Nach dem Urteil gegen Ex-Finanzminister Karl-Heinz Grasser in der Buwog-Affäre im März 2025 sollte versucht werden, die Befangenheit der Richterin zu beweisen. So hätte das Urteil aufgehoben werden können. Aber der Versuch scheiterte, denn die Unterlagen, die die Befangenheit hätten belegen sollen, waren gefälscht.
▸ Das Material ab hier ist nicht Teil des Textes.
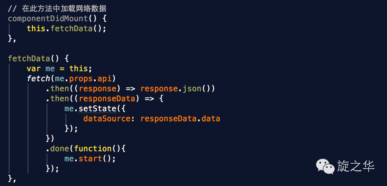 在调用了render方法后,组件加载成功并被成功渲染出来以后,所要执行的后续操作,一般会在这个函数中处理网络请求等加载数据的操作;
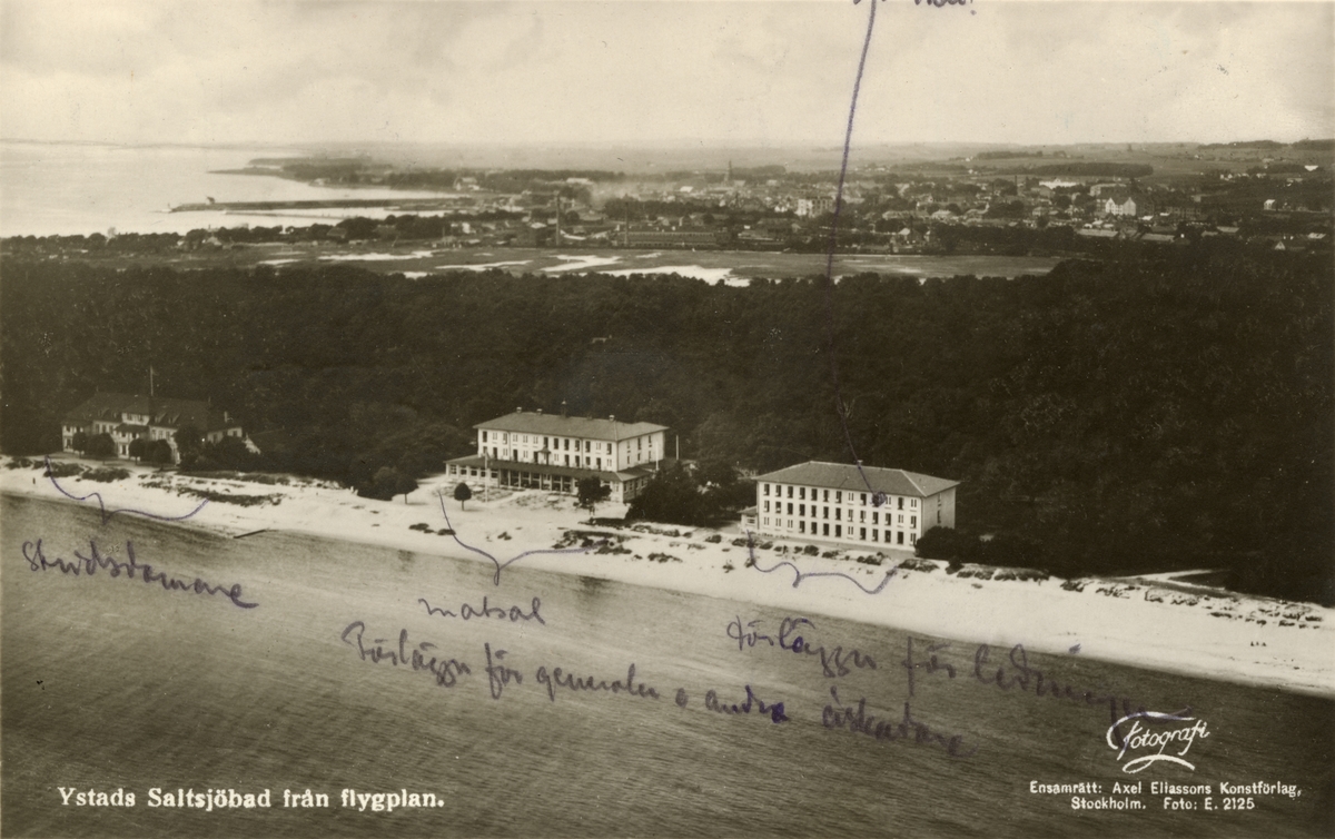 Titel: Text i fotoalbum: "1935. Okt. Skånemanövern. Högkvarterets förläggning. Ystads Saltsjöbad från flygplan".

Das berichten APA und Falter.

Bei der Staatsanwaltschaft Wien ist diesbezüglich ein brisantes Ermittlungsverfahren anhängig. 

Zielscheibe war BUWOG-Richterin Marion Hohenecker, die von Dezember 2017 bis Dezember 2020 die Hauptverhandlung gegen Grasser und Co. geleitet hatte. Ein Schöffensenat unter ihrem Vorsitz sprach am Ende die Angeklagten schuldig, Grasser fasste wegen Untreue und Geschenkannahme letztlich vier Jahre Haft aus, sein Trauzeuge Walter Meischberger dreieinhalb Jahre, der Lobbyist Peter Hochegger drei Jahre teilbedingt.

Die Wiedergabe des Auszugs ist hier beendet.